In Chapter 6, participants did not make use of descriptive information about the anecdote sample distribution. As in Chapter 4, participants were confronted with a conflict of cues: statistical information vs. a potentially relevant anecdote. Regardless of the similarity manipulation, a consideration of the sample from which the anecdote was sampled should have informed how the anecdote was used. Imagine a distribution that represents the similarity of all the individual projects in the sample. That is, the x-axis represents the similarity to the target project and the y-axis is the frequency of projects that represent each level of similarity. Even if the sampled anecdote appears very relevant to the target project, if the underlying distribution of the sample is highly negatively skewed, such that most projects in the sample are equivalently similar to the target, then the sampled anecdote is not necessarily more informative than the aggregated measure. On the other hand, if the underlying distribution is positively skewed, normally distributed, or even uniform, then the fact that the sampled anecdote appears highly relevant to the target project may actually mean that it is more informative than the aggregated measure. Prior work shows that people can reason about distributions effectively when experiencing the sampling directly (e.g., Hertwig et al., 2004; Carvalho et al., 2021). Chapter 6 shows that people struggle to use this information when it is described verbally.

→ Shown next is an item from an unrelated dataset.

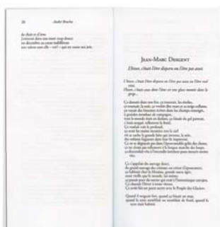
JEAN-MARC DESGENT « L'hiver, c'était l'être disparu ou l'être pas assez » Mæbius | numéro 132

While people struggled to understand and use certain statistical concepts they still seemed to be able to integrate multiple cues and create trade-offs. As discussed in Chapter 5, both Chapters 4 and 6 provided participants with more than one cue to use for project evaluation. In Chapter 4, people seemed to strike a trade-off between NPV and the intrinsic project features as opposed to choosing one or the other with a consistent strategy. In Chapter 6, the anecdotal and statistical evidence provided conflicting cues for each target project. However, participants allocated as if both the anecdotes and statistics had some relevance. Similar to the above, participants appeared to integrate the influence of these two cues, as opposed to picking a consistent evidence reliance strategy for their allocation decisions. These findings might be explained through satisficing (Simon, 1955) or a constraint satisfaction model (e.g., Glöckner et al., 2014). Future research can test these explanations, as well as further clarify to what extent constructs such as need for cognition or mathematical skill may explain individual differences.

7.2.2 Decision Aides

While trade-offs allow people to integrate multiple cues, decision aides allow people to use statistical concepts for more nuanced decision-making. Chapter 2 found that people’s understanding of risk aggregation was facilitated when the mathematical work was done for them and the aggregated values were displayed visually as a distribution. However, a follow-up experiment to Chapter 4 (detailed in Appendix B.7) found that even explicit instructions sometimes do not work. That is, even explaining the way that ranges can be used as reliability information and telling participants how to implement this in the capital allocation task did not facilitate proper use of ranges.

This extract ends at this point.